[Recorded data]
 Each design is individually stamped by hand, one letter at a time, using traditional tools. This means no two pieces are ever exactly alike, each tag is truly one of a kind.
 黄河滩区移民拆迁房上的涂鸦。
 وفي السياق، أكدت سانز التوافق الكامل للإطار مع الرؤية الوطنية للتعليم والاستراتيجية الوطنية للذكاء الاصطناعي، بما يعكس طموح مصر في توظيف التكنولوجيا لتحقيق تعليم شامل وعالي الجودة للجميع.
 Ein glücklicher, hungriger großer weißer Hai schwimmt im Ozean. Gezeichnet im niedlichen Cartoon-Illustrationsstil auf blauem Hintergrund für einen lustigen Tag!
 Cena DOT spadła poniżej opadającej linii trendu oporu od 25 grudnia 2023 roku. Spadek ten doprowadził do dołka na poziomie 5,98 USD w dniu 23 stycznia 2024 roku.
[/Recorded data]
[Recorded data]
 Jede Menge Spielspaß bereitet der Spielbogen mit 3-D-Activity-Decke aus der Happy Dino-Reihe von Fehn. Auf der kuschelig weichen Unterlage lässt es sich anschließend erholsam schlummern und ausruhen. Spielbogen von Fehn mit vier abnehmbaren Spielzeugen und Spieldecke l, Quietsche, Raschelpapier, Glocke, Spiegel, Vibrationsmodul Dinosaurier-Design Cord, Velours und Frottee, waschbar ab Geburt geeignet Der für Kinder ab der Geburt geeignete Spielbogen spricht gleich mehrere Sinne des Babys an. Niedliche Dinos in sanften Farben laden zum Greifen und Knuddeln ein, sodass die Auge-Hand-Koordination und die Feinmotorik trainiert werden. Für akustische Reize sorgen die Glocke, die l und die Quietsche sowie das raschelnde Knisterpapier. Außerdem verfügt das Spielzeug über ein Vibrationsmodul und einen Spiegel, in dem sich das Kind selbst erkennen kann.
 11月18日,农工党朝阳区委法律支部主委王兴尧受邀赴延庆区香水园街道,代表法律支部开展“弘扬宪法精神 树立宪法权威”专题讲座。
[/Recorded data]
● **What is required**
Of the entries listed above, reproduce only the lines starting at the line containing "Ein glücklicher, hungriger" and ending at the line containing "Cena DOT spadła". Include both, exactly as they stand.

● **Output**
 Ein glücklicher, hungriger großer weißer Hai schwimmt im Ozean. Gezeichnet im niedlichen Cartoon-Illustrationsstil auf blauem Hintergrund für einen lustigen Tag!
 Cena DOT spadła poniżej opadającej linii trendu oporu od 25 grudnia 2023 roku. Spadek ten doprowadził do dołka na poziomie 5,98 USD w dniu 23 stycznia 2024 roku.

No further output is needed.